Clinical Study to Evaluate the Efficacy of HUDC_VT in Patients With Bacterial Vaginosis

A Double-blind, Randomized, Placebo-controlled, Parallel Design, Multicenter Phase II Trial to Evaluate the Efficacy and Safety of HUDC_VT in Patients With Bacterial Vaginosis

The objective of the study is to confirm the pharmacological mechanism and evaluate the efficacy and safety after HUDC-VT administration compared to placebo in patients with bacterial vaginosis.

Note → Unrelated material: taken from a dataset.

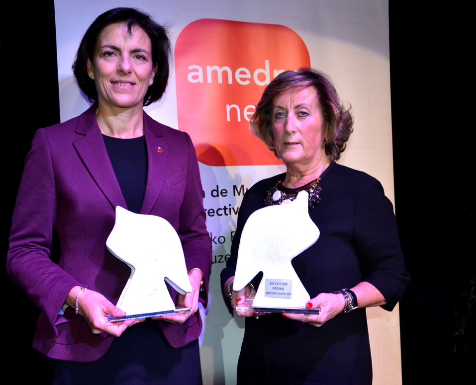 La Asociación de Mujeres Empresarias y Directivas de Navarra (AMEDNA/NEEZE), presidida por Mª Victoria Vidaurre, entregó el pasado miércoles los XIX Premios Empresaria y Directiva Navarra 2016. Los galardones organizados por AMEDNA/NEEZE anualmente, cuenta con la colaboración del Ayuntamiento de Pamplona, a través del Área de Participación Ciudadana, Igualdad y Empoderamiento Social, así como de Laboral Kutxa.

Vaginitis in adult women is extremely common and it often results in marked suffering. Epidemiologic studies indicate the high prevalence of vaginitis and the large number of causes in US. The broad-spectrum antibiotics such as metronidazole have been used as a treatment of vaginitis.However, it is not desirable using of these antibiotics caused appearance of resistant bacterium and killing normal bacterium including lactobacillus. In addition, it has been reported that long term treatment of antibiotics can be caused body toxicity through absolution by vagina. The product, HUDC_VT, is a effective and safe vaginal tablet composed glucose and sodium chloride for treatment of vaginitis by preserving healthy condition in vagina.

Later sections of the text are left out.